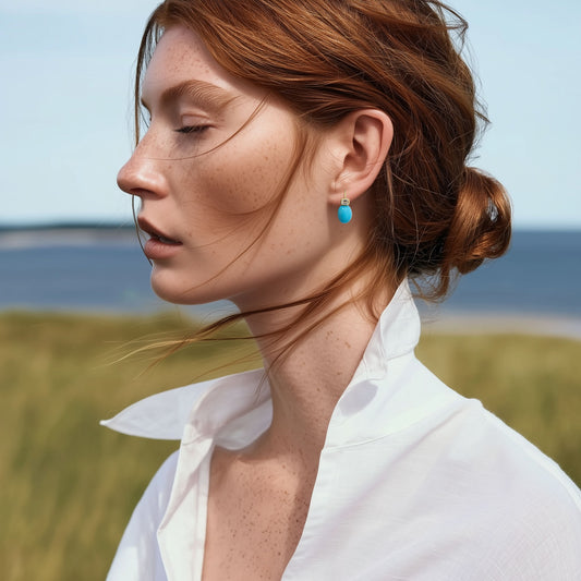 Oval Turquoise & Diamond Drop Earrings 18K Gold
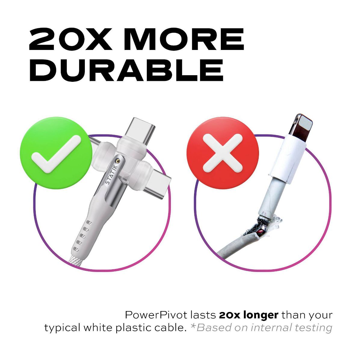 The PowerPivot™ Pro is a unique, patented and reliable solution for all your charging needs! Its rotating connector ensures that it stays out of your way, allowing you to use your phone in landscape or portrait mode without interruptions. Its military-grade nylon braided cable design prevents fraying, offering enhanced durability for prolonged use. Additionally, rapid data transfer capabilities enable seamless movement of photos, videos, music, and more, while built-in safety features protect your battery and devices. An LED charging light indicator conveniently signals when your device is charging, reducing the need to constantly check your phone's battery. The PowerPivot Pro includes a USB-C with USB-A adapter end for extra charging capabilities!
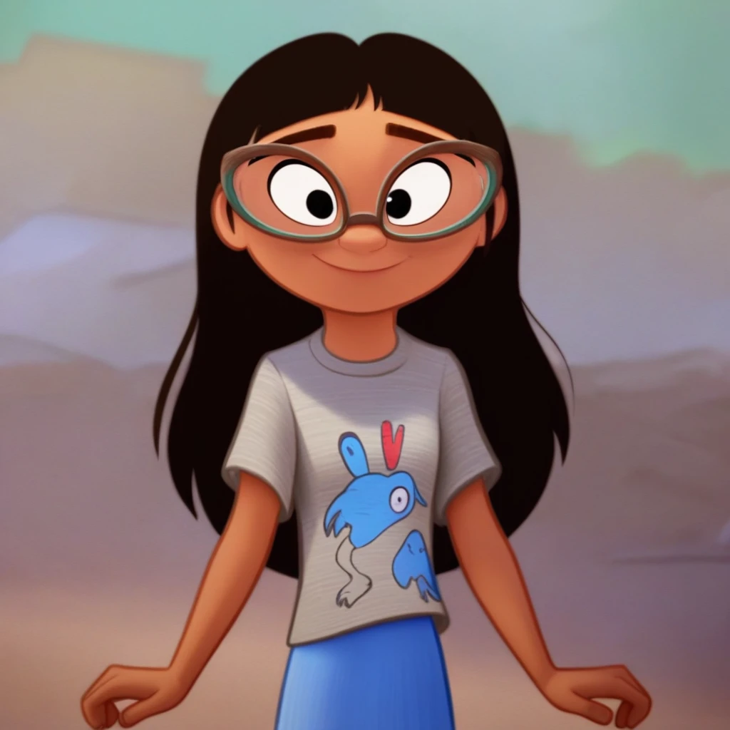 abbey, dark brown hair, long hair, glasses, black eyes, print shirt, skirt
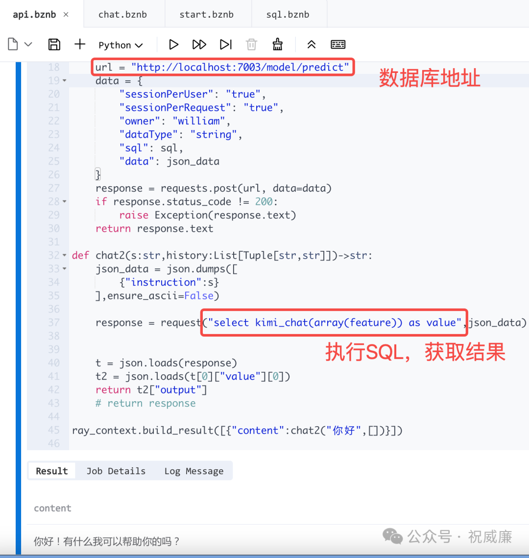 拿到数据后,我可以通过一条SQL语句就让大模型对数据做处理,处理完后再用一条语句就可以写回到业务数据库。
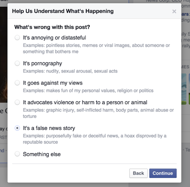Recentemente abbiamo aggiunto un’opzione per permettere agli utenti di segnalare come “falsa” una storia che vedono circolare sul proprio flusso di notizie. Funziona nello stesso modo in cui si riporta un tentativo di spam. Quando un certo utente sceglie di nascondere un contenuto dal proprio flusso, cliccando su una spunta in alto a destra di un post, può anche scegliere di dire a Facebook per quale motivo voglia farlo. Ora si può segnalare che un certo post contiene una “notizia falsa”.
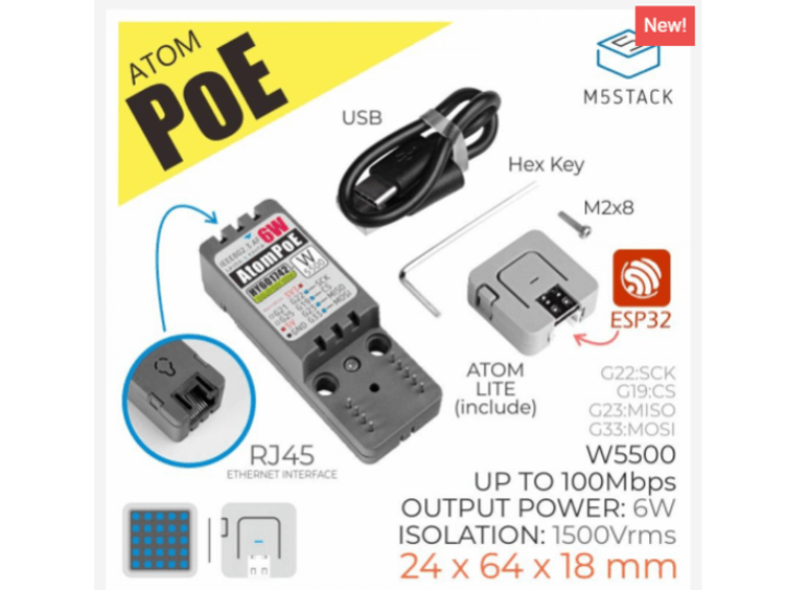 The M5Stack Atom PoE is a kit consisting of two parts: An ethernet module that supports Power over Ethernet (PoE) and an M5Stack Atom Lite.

◇ ◇ ◇ ◇ ◇ ◇ ◇

Task goal ->
The lines to retype begin with the one containing "拿到数据后,我可以通过一条S" and end with the last line of the records. Reproduce them exactly and omit the pictures.

Solved exercise ->
 拿到数据后,我可以通过一条SQL语句就让大模型对数据做处理,处理完后再用一条语句就可以写回到业务数据库。
Recentemente abbiamo aggiunto un’opzione per permettere agli utenti di segnalare come “falsa” una storia che vedono circolare sul proprio flusso di notizie. Funziona nello stesso modo in cui si riporta un tentativo di spam. Quando un certo utente sceglie di nascondere un contenuto dal proprio flusso, cliccando su una spunta in alto a destra di un post, può anche scegliere di dire a Facebook per quale motivo voglia farlo. Ora si può segnalare che un certo post contiene una “notizia falsa”.
 The M5Stack Atom PoE is a kit consisting of two parts: An ethernet module that supports Power over Ethernet (PoE) and an M5Stack Atom Lite.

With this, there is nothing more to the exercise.